DATASET ENTRIES START

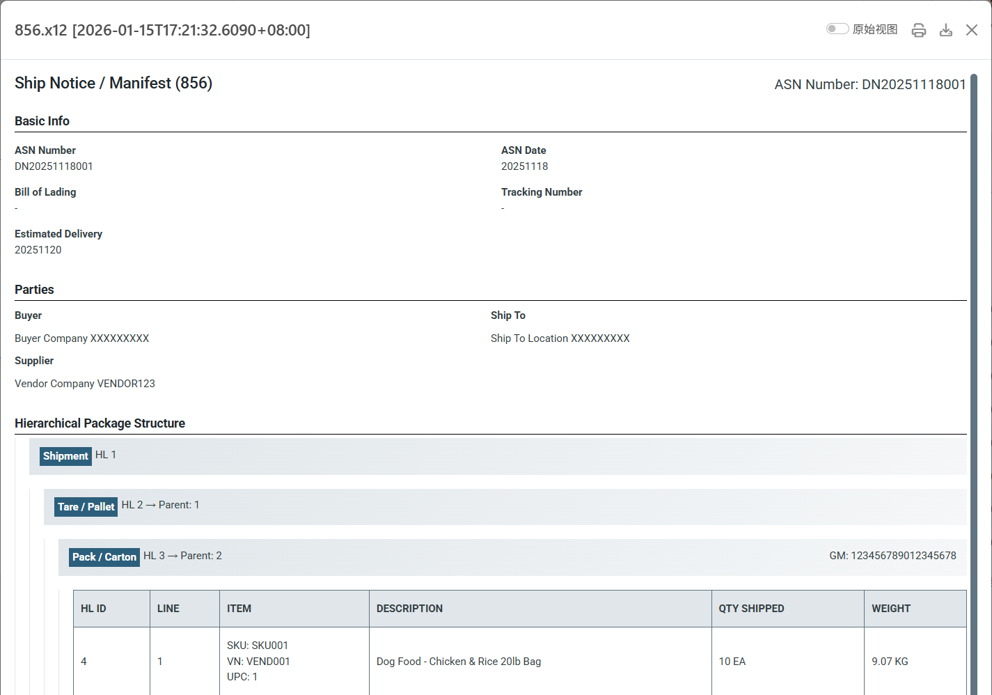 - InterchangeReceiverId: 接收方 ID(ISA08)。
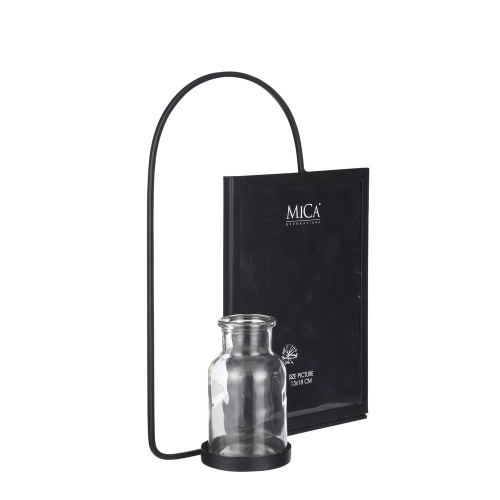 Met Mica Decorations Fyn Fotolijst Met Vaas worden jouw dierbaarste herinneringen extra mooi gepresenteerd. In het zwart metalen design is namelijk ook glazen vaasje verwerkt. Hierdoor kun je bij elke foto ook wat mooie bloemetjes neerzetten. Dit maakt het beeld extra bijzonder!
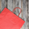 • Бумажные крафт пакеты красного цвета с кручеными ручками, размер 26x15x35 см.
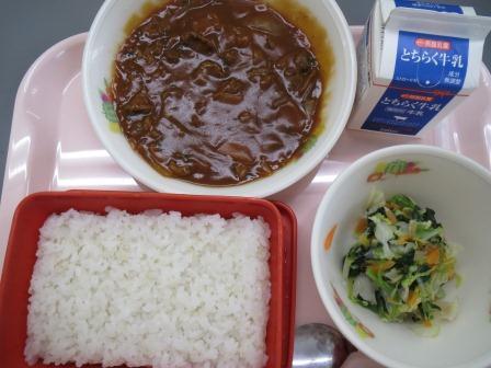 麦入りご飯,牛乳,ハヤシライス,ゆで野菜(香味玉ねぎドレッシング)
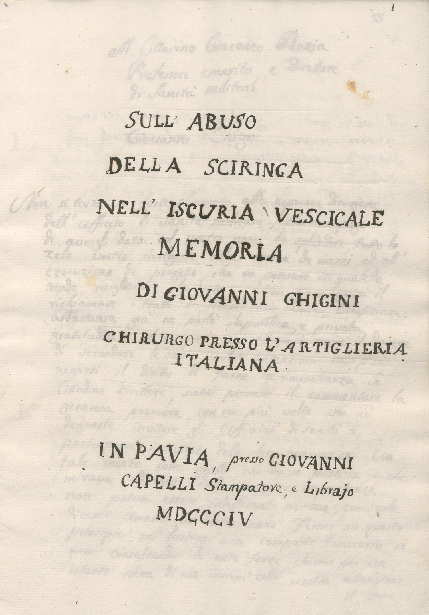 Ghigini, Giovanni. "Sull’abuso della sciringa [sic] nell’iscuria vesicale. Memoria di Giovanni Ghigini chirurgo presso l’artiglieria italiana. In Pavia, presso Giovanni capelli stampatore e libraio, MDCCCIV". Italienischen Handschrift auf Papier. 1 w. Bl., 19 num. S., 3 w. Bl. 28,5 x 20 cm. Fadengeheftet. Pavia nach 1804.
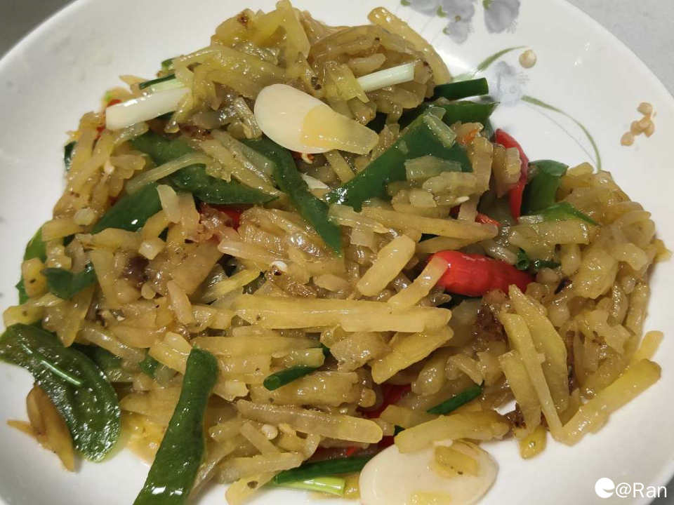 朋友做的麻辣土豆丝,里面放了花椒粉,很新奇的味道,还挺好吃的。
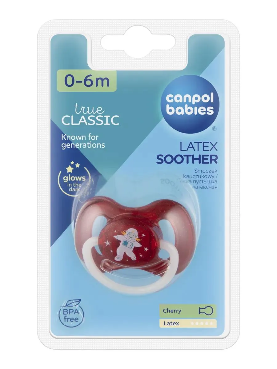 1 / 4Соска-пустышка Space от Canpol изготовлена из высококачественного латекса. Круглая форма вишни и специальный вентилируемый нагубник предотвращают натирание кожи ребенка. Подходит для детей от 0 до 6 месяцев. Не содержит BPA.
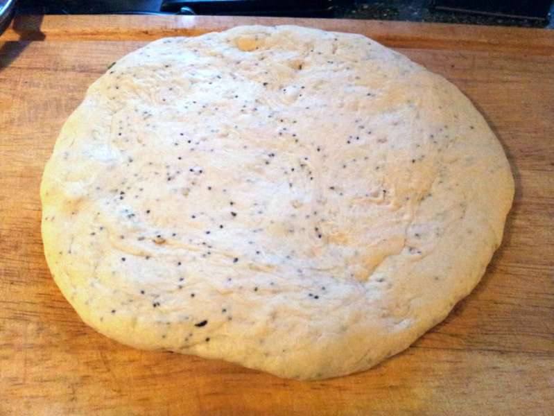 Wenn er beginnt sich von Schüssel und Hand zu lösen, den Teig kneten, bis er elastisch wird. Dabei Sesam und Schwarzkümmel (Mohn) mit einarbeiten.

DATASET ENTRIES END
DATASET ENTRIES START

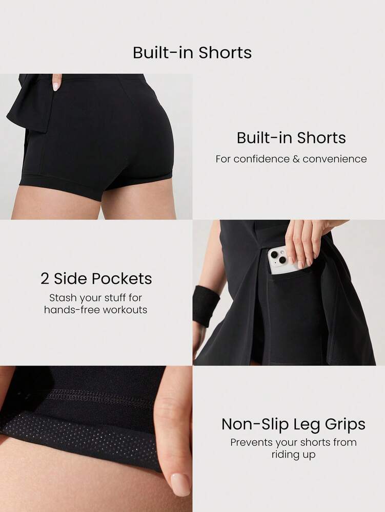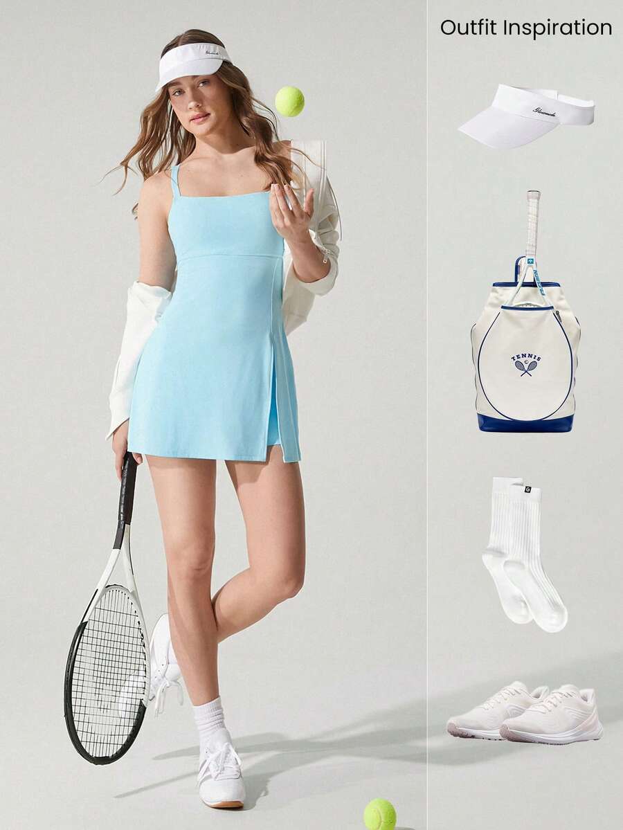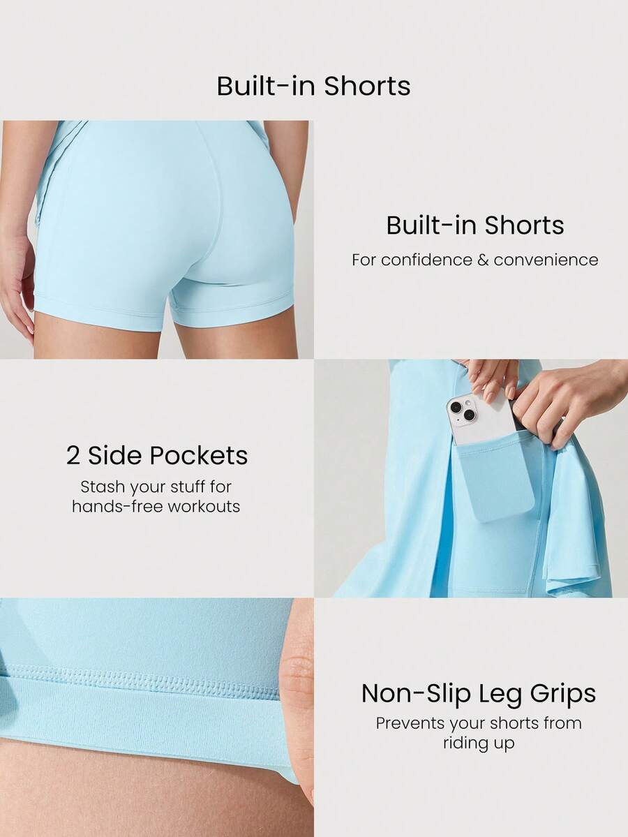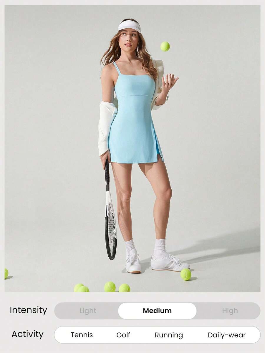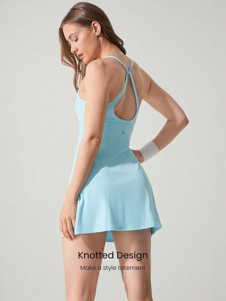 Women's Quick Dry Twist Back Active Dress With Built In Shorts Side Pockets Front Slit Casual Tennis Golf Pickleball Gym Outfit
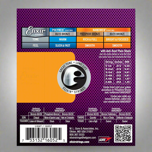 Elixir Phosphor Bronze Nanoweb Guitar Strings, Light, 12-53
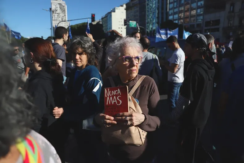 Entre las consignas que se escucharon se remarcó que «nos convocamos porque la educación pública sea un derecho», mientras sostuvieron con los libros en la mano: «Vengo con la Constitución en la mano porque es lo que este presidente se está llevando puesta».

DATASET ENTRIES END

--- TASK DIRECTIONS ---
Everything from the line with "Elixir Phosphor Bronze" through the line with "Entre las consignas" in the material above should be transcribed exactly, except the pictures.

--- WRITTEN RESPONSE ---
 Elixir Phosphor Bronze Nanoweb Guitar Strings, Light, 12-53
 Entre las consignas que se escucharon se remarcó que «nos convocamos porque la educación pública sea un derecho», mientras sostuvieron con los libros en la mano: «Vengo con la Constitución en la mano porque es lo que este presidente se está llevando puesta».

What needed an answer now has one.